Ist das (zeitgenössische) Lyrik?

Darf eine Rezension zu subjektiv sein? Bei Ulrich Ziegers Aufwartungen im Gehäus scheint es keine andere Möglichkeit zu geben.

Von NATALIA KNICKMEIER

So muss ich vielleicht anmerken, dass die Verfasserin dieser Rezension keine fundierten
Lyrikkenntnisse vorweisen kann, was zumindest die zeitgenössische Lyrik betrifft. Und nun kam es endlich dazu, dass ich mich dieser durch Aufwartungen im Gehäus näherte.
Ganze 96 Gedichte präsentiert uns Zieger. Dabei hält er sich an keine feste Form. Mal macht es den Eindruck als hätten seine Gedichte Verse, mal halt nicht. Auch Titel sind bei ihm kein Muss, auf die Großschreibung wird ganz verzichtet. So erreichen seine Gedichte auch mal die Länge von mehreren Seiten und mal nur von wenigen Sätzen. Strukturell lässt sich wohl noch hinzufügen, dass er seinen Band in zwei Teile gliedert. So teilen sich der erste Teil und der Band selbst den selben Titel. Der zweite Teil nennt sich „Rede an die Brennnessel“.
So nahm ich den Band in die Hand und las. Am Lesen selbst hat es nicht gehapert, ein Zugang jedoch war unmöglich.
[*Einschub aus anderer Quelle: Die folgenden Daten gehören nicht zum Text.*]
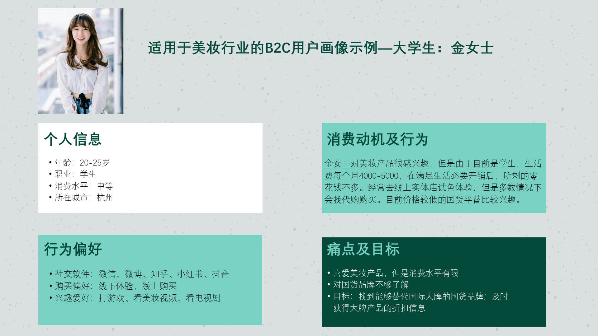 图二通过美妆行业的用户画像进行举例分析,品牌能够进一步了解与金女士相似用户的行为偏好、消费动机和需求痛点等。针对这些信息品牌可以选择恰当的营销渠道和营销内容,创建良好的品牌形象,提升品牌知名度,再通过不同的形式传递给消费者。

Sätze wie „kaum was zu tun Verhängnisse sind älter, sterben (?) (wieder sterben wollen)?“ hinterlassen bei weitem keine Leselust. Eher deprimieren sie… und nein, sie haben mich nicht emotional berührt.
Wie ich schon anmerkte, bin ich keine große Freundin „dieser Art“ von Lyrik (bzw. ist sie nicht meine Freundin) Und dieser Gedichtband zeigt mir einmal mehr warum. Ich als „Einsteigerin“ empfand Groll, da ich das Gefühl bekam, dass der Autor dem Leser erst gar keinen Zugang ermöglichen möchte. Vielleicht setzen seine Gedichte ein Vorwissen oder das Kennen seiner anderen Werke voraus. Ich persönlich erwarte jedoch von einem Künstler, der in der Theater- und Filmwelt gewirkt hat, dass er in der Lage ist, jedem Leser einen Zugang zu ermöglichen.
Eine weitere, vielleicht übergeordnete Frage ist: „Wer hat den Band zusammengestellt?“ Es fühlt sich lieblos an. Als haben die Gedichte schon ewig in der Schublade gelegen, welche nun einfach wahllos zusammengebunden wurden.
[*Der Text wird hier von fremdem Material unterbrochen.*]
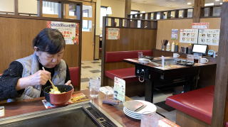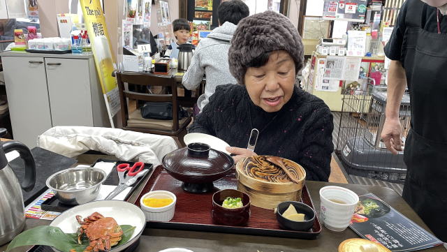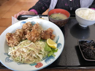 ここで私は「カラてん定食」、誠子マミーは「ズガニ定食」を注文。カラてんとは、唐揚げと鶏の天ぷらがせっとになって、それに団子じると茶碗蒸しが付く。ズガニ定食は茹でた甘辛く煮たズガニ一匹と「ズガニ汁」、ズガニの炊き込み飯とズガニ尽くし。小さいカニを食べるのが面倒そうなので私は敬遠。誠子マミーは郷土料理にチャレンジと頑張った。ズガニはどれも美味しかった由。私のカラてんは予想通りの味だったが、大きさが年寄り向きに小さいのがありがたかった。

Nun wage ich mich mal an eine Beschreibung des Themas. Da würde ich die Einsamkeit nennen, welche sich schon auf dem Titelblatt finden lässt. Das Bild der Holzhütte auf dem gemähten Feld, steht da schon sehr einsam. Auch der Titel, gibt den Eindruck wieder als hätte sich der Autor verkrochen. Ob er in „Rede in die Brennnessel“ nun aus seinem Versteck wieder heraus kriecht, wird mir nicht klar.
Mit der Erkenntnis, beginne ich nun wieder zu lesen. Und? Nein wieder nichts, mal wieder ist es für mich nur eine Aneinanderreihung von Wörtern, welche in den Sätzen genauso einsam da stehen wie die Hütte auf dem Feld.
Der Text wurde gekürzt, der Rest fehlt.